#### Task instructions:
Each line of the data must be written out again verbatim; no image belongs in the copy.

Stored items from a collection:
☆ ☆ ☆

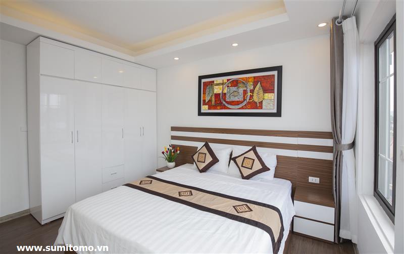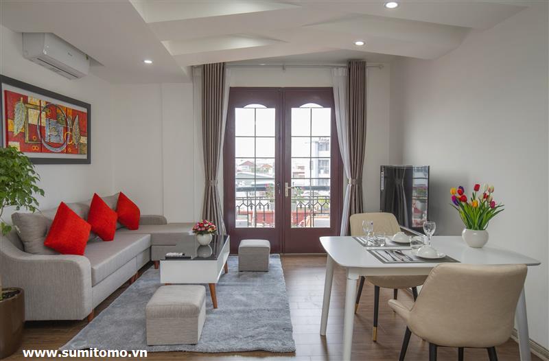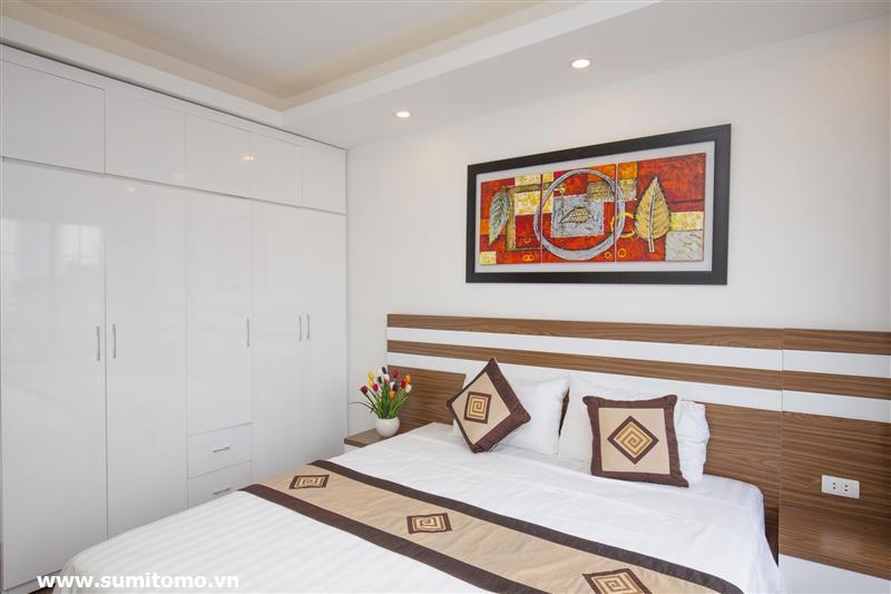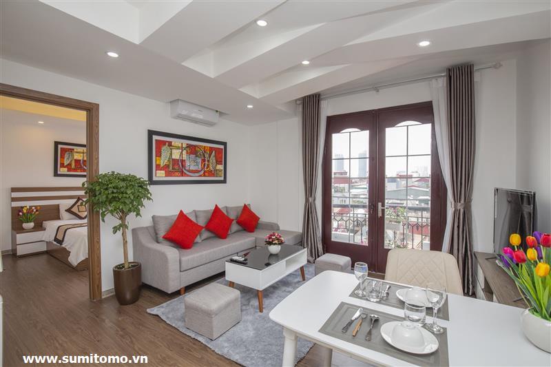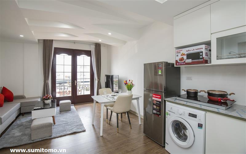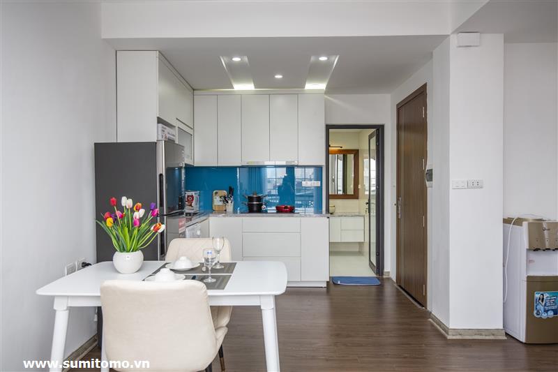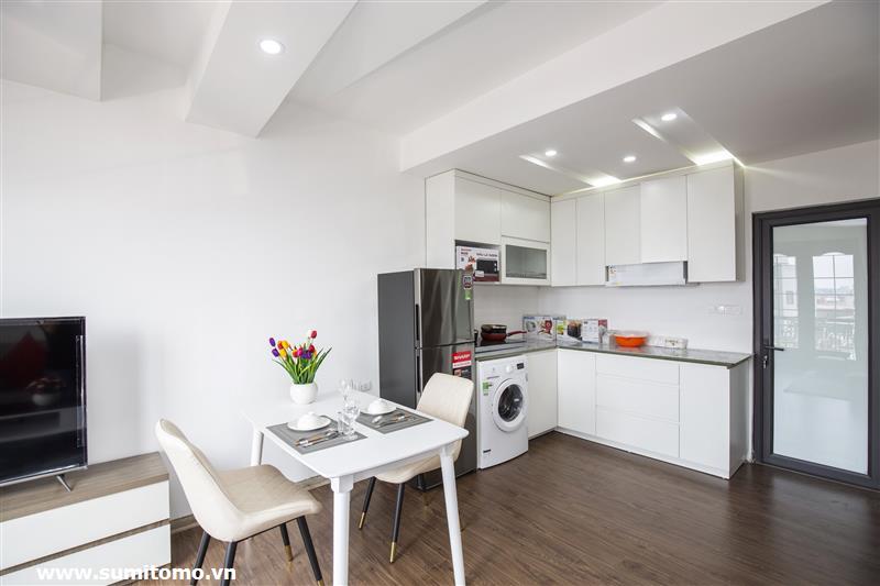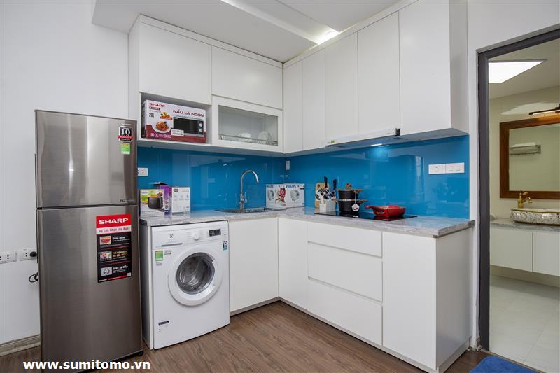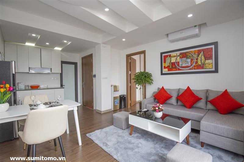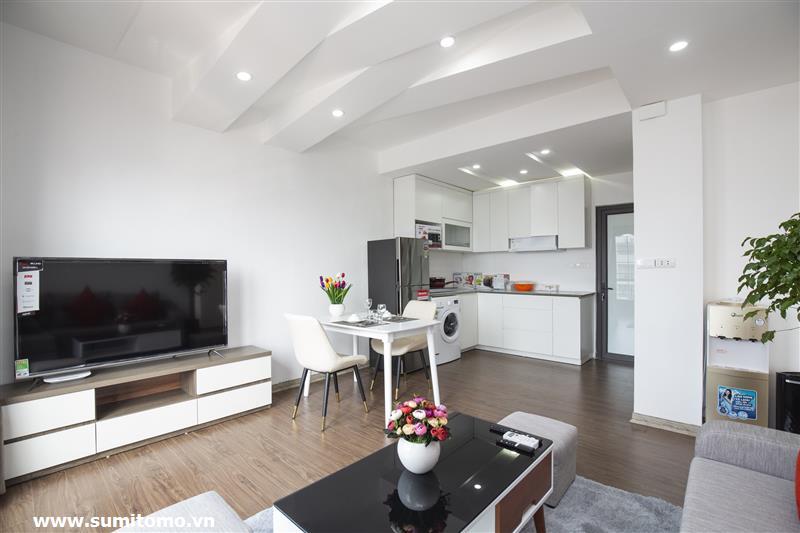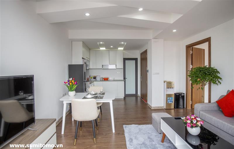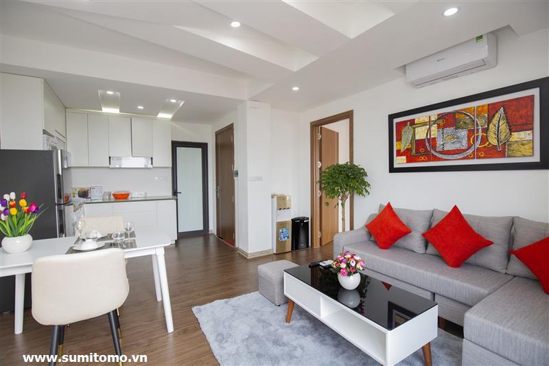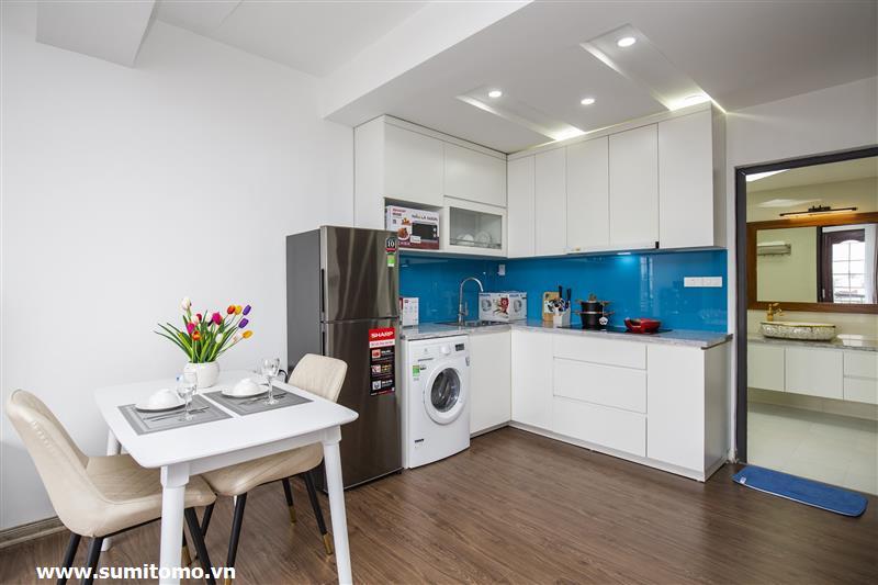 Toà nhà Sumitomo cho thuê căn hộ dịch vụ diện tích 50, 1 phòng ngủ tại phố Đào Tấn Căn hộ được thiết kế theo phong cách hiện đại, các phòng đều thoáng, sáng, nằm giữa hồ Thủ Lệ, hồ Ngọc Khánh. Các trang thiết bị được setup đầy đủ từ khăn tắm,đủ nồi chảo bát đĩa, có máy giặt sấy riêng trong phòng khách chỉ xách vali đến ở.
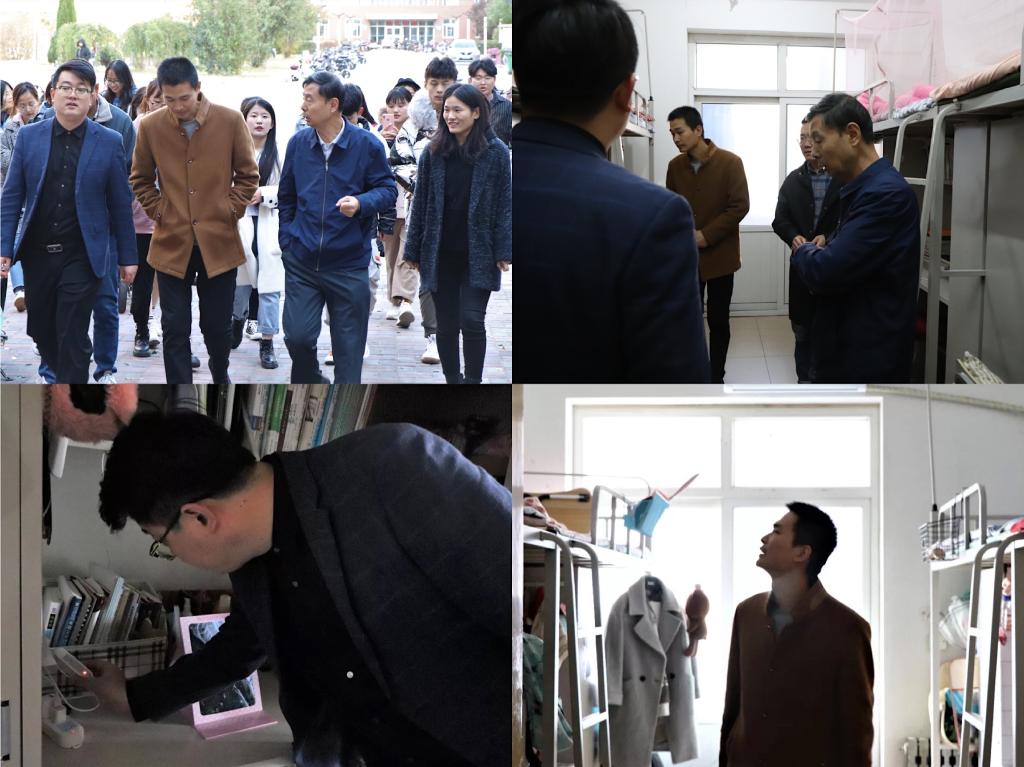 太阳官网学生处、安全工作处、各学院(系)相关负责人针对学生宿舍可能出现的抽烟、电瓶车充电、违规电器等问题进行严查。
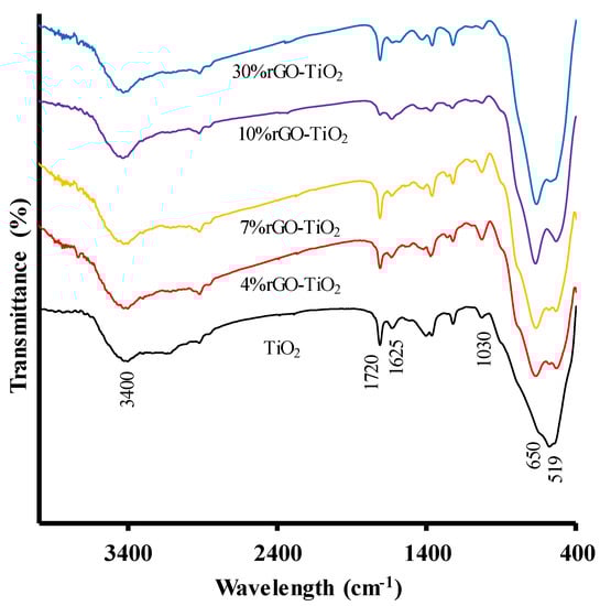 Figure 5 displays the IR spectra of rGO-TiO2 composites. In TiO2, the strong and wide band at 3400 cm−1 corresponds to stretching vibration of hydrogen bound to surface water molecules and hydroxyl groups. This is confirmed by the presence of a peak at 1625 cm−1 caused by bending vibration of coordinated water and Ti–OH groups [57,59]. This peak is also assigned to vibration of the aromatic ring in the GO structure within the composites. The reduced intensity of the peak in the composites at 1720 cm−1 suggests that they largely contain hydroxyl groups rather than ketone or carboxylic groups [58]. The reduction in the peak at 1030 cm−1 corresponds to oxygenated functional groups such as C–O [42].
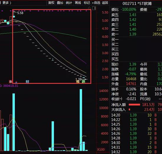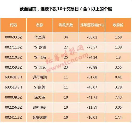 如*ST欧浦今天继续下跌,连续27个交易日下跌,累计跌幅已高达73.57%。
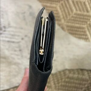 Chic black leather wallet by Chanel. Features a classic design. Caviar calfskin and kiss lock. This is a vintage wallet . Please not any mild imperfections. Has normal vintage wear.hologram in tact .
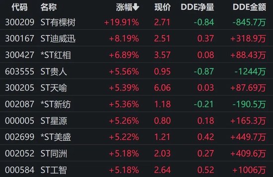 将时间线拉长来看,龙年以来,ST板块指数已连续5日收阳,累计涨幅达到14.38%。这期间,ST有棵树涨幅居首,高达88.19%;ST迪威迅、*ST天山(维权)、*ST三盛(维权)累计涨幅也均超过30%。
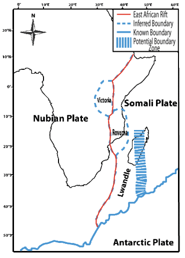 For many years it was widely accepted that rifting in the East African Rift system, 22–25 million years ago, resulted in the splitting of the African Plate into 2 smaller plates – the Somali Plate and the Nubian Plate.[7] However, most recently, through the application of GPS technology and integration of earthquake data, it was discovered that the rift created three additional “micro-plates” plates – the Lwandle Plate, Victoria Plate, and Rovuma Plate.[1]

☆ ☆ ☆

#### Answer to this problem:
 Toà nhà Sumitomo cho thuê căn hộ dịch vụ diện tích 50, 1 phòng ngủ tại phố Đào Tấn Căn hộ được thiết kế theo phong cách hiện đại, các phòng đều thoáng, sáng, nằm giữa hồ Thủ Lệ, hồ Ngọc Khánh. Các trang thiết bị được setup đầy đủ từ khăn tắm,đủ nồi chảo bát đĩa, có máy giặt sấy riêng trong phòng khách chỉ xách vali đến ở.
 太阳官网学生处、安全工作处、各学院(系)相关负责人针对学生宿舍可能出现的抽烟、电瓶车充电、违规电器等问题进行严查。
 Figure 5 displays the IR spectra of rGO-TiO2 composites. In TiO2, the strong and wide band at 3400 cm−1 corresponds to stretching vibration of hydrogen bound to surface water molecules and hydroxyl groups. This is confirmed by the presence of a peak at 1625 cm−1 caused by bending vibration of coordinated water and Ti–OH groups [57,59]. This peak is also assigned to vibration of the aromatic ring in the GO structure within the composites. The reduced intensity of the peak in the composites at 1720 cm−1 suggests that they largely contain hydroxyl groups rather than ketone or carboxylic groups [58]. The reduction in the peak at 1030 cm−1 corresponds to oxygenated functional groups such as C–O [42].
 如*ST欧浦今天继续下跌,连续27个交易日下跌,累计跌幅已高达73.57%。
 Chic black leather wallet by Chanel. Features a classic design. Caviar calfskin and kiss lock. This is a vintage wallet . Please not any mild imperfections. Has normal vintage wear.hologram in tact .
 将时间线拉长来看,龙年以来,ST板块指数已连续5日收阳,累计涨幅达到14.38%。这期间,ST有棵树涨幅居首,高达88.19%;ST迪威迅、*ST天山(维权)、*ST三盛(维权)累计涨幅也均超过30%。
 For many years it was widely accepted that rifting in the East African Rift system, 22–25 million years ago, resulted in the splitting of the African Plate into 2 smaller plates – the Somali Plate and the Nubian Plate.[7] However, most recently, through the application of GPS technology and integration of earthquake data, it was discovered that the rift created three additional “micro-plates” plates – the Lwandle Plate, Victoria Plate, and Rovuma Plate.[1]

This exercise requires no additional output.